ArmchairBEA graphic courtesy Boquilla's Window

Armchair BEA, Day 2

Since I don’t have another book to talk about, I thought I’d continue with the blog prompts from this year’s Armchair BEA.

What makes or breaks a book? How do we rate the books, or determine if it is good literature or a good story? What do we want from an author event? How does diversity representation fit into all of this?

Is there any single thing that makes or breaks a book? Bad writing, I guess—by which I primarily mean the quality and readability of the prose. A multitude of sins can be covered by gorgeous language; likewise, the world’s most compelling plot or narrator can be irrevocably hampered by awkward, stilted, or just plain bad prose.

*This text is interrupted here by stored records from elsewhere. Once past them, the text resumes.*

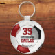 Este chaveiro de futebol personalizado para raparigas com cores negras e vermelhas da escola apresenta uma bola de futebol simples e clássica com painéis em preto, vermelho e branco - personalize o nome do jogador e o número de camisa mais o nome da escola e do mascote da equipe - por katz_d_zynes
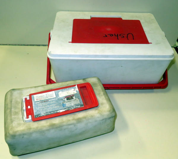 both good used condition; small one you put in freezer & other you pack ice around it; sell for one money
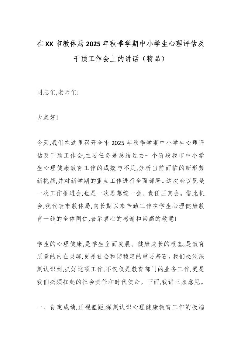 在XX市教体局2025年秋季学期中小学生心理评估及干预工作会上的讲话(精品) 11-16 发言稿 858 ——预览已结束,还剩9页未读——开通会员后可免费下载高清完整文档 资源下载此资源下载价格为15米,VIP免费,请先登录 资源下载下载价格15 米VIP免费请先登录 0 0
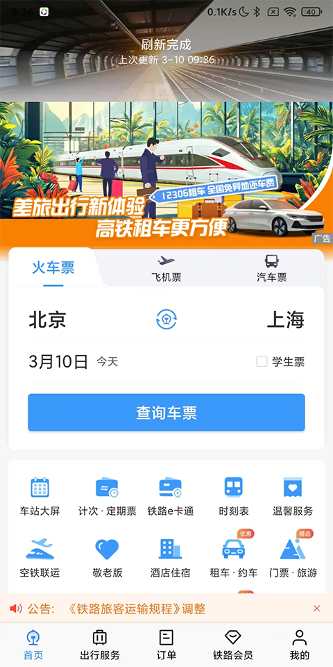 列车晚点、临时停运、车厢变更、站台调整等动态信息实时同步,系统第一时间推送通知,避免误车或长时间候车。
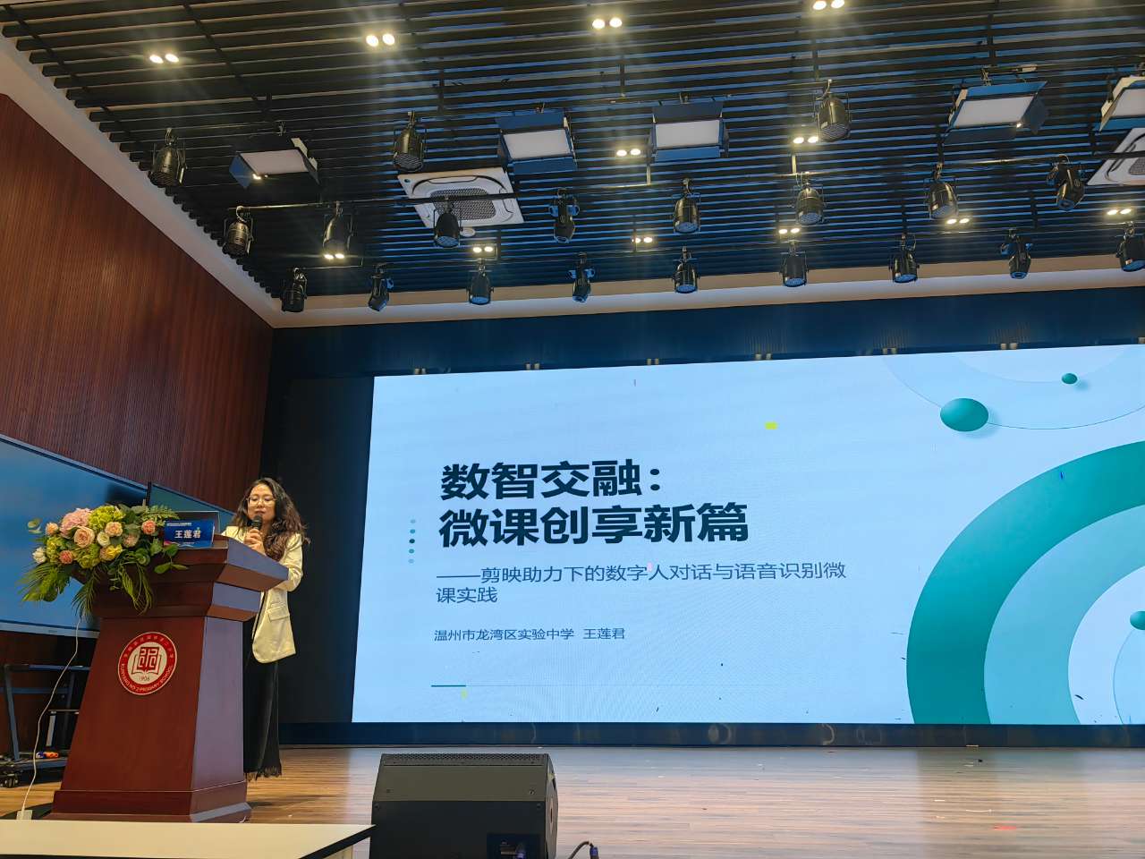温州市龙湾区实验中学的王莲君分享《数智交融:微课创享新篇——剪映助力下的数字人对话与语音识别微课实践》,王老师先展示她的无人机飞行微课的实践成果,令人眼前一亮,并介绍她在微课制作过程中所使用的数字人技术、文生图/图生视频技术、剪映抠图与识别字幕功能等,为大家对比分享了多种技术与平台,足见准备之精心。王老师还认为微课创新应是内容、形式、技术等多方面的创新下一步她将继续探索技术融合创新和跨界合作拓展,使微课创新更上一个台阶。
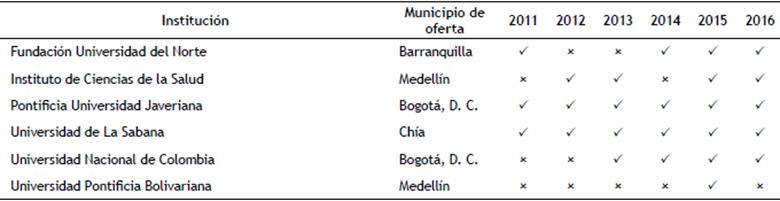 Asimismo, en 2015, según la aproximación paramétrica, nueve de 109 programas cumplieron con la meta (8%), todos son presenciales, y seis de ellos estuvieron acreditados durante 2015. Esos programas corresponden a las mismas IES que cumplieron la meta en 2014, además del Instituto de Ciencias de la Salud (Z(n = 38) = 6.56, p = .00), de la Universidad Eafit (Z(n = 20) = 3.27, p = .04) y Universidad Pontificia Bolivariana (Z(n = 63) = 3.56, p = .003). También se observa que 56% de las universidades que superaron la meta se encuentran ubicadas en Bogotá, con excepción de la Fundación Universidad del Norte, cuya sede se encuentra en Barranquilla, del Instituto de Ciencias de la Salud y de la Universidad Eafit, ubicadas en Medellín. Estos resultados se mantienen en la aproximación no paramétrica a excepción de la Universidad Eafit (X2 (101, N = 102) = 9.45, p = .11), quien no cumple la meta según esta aproximación (todos los demás p valores son cercanos a cero). Por razones de espacio no se presentan los resultados de esta prueba para estos programas; sin embargo, estos se encuentran disponibles para el lector que los desee solicitar (Los resultados se pueden solicitar al autor para correspondencia).

Then there comes the issue of story crafting, and how an author deals with things like plot, character, and setting, and I think all of those things end up being up to personal taste. The books I love best tend to be character-driven pieces where nothing much actually happens; the ones I put down are books that have bland, unappealing characters. Rabbit, Run and Revolutionary Road are great examples of this. And A Death in the Family, just for a title that doesn’t full of Rs.

The “we” in the following two questions is implicitly the book blogger community, and I’m as far removed from that community as someone who (sometimes) blogs about books can be. So I can really only speak for myself here, rather than speculate on patterns within the book blogosphere.

When it comes to rating books, I’m sticking with the GoodReads 5-star framework:

  • 1 star: Didn’t like it
  • 2: It was okay.
  • 3. I liked it.
  • 4. I really liked it.
  • 5. I loved it!

To that extent, even though I think “a good story” and “good literature” aren’t always the same thing; the best “a good story” can do with me is 4 stars. I reserve my stingy 5-star ratings for books that I feel qualify as “good literature.” (Or, in the realm of nonfiction, books that are spectacularly written and touch on something I think everyone should know.)

Every book starts out as a 2-star book, and then it moves up or down depending on how things go. My biggest struggle is between 4 and 5 stars. What is “good literature”? How is that any different from “a good story”? And there’s plenty of “good literature” that have received miserable ratings from me.

Genre and media also represent issues. I don’t think there’s anything wrong with Brian K. Vaughan’s Saga, but at the same time I don’t think it’s necessarily a 5-star series, either. What would make it a 5-star series, though? Nothing I can really think of. And it feels a little petty to hold out on that last star just because of some ineffable “something” that’s missing (but that I can’t describe). I swing back and forth on giving that one 4 and 5 stars. (It’s currently sitting at 5, but I might go and change it after finishing this entry.)

I’m skipping over author events (most authors I like are either dead, noteworthy recluses, or both—”author events” aren’t really a thing for me) to go straight to diversity.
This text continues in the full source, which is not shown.